On 11/16/22 02:47, Amit Langote wrote:
A customer seems to have run into $subject. Here's a reproducer they shared:
With the following logged: LOG: server process (PID 121846) was terminated by signal 9: Killed
That's the Linux OOM killer. Was this running in a container or under systemd with memory.limit_in_bytes set? If so, perhaps they need a higher setting.
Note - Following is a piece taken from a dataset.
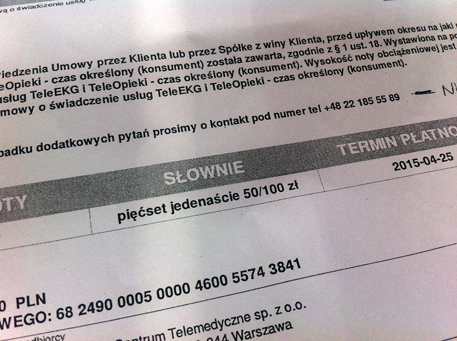 - Na początku marca znalazłam w skrzynce list od firmy zajmującej się świadczeniem usług telemedycznych. W środku była jedynie faktura na 60 zł za usługę jakiegoś „Tele-EKG”. Nie miałam pojęcia, co to za firma, ani tym bardziej na czym miałaby polegać ta usługa – mówi nasza Czytelniczka pani Zofia (imię zmienione). – Co ciekawe, dosłownie dwa dni później w skrzynce był kolejny list z rachunkiem, tym razem na kwotę 9 zł za aktywację wspomnianej usługi. Samo to, że najpierw wystawiają opłatę za korzystanie z usługi, a później dopiero wystawiają rachunek za jej aktywację, jest mocno podejrzane. Tym bardziej, że ja przecież w życiu z tą firmą nic nie podpisywałam.

The problem seems to be spi_printtup() continuing to allocate memory to expand _SPI_current->tuptable to store the result of crosstab()'s input query that's executed using: /* Retrieve the desired rows */ ret = SPI_execute(sql, true, 0); Note that this asks SPI to retrieve and store *all* result rows of the query in _SPI_current->tuptable, and if there happen to be so many rows, as in the case of above example, spi_printtup() ends up asking for a bit too much memory.
check
The easiest fix for this seems to be for crosstab() to use open a cursor (SPI_cursor_open) and fetch the rows in batches (SPI_cursor_fetch) rather than all in one go. I have implemented that in the attached. Maybe the patch should address other functions that potentially have the same problem.
Seems reasonable. I didn't look that closely at the patch, but I do think that there needs to be some justification for the selected batch size and/or make it configurable.
I also wondered about fixing this by making _SPI_current->tuptable use a tuplestore that can spill to disk as its backing store rather than a plain C HeapTuple array, but haven't checked how big of a change that would be; SPI_tuptable is referenced in many places across the tree. Though I suspect that idea has enough merits to give that a try someday.
Seems like a separate patch at the very least
Thoughts on whether this should be fixed and the fix be back-patched?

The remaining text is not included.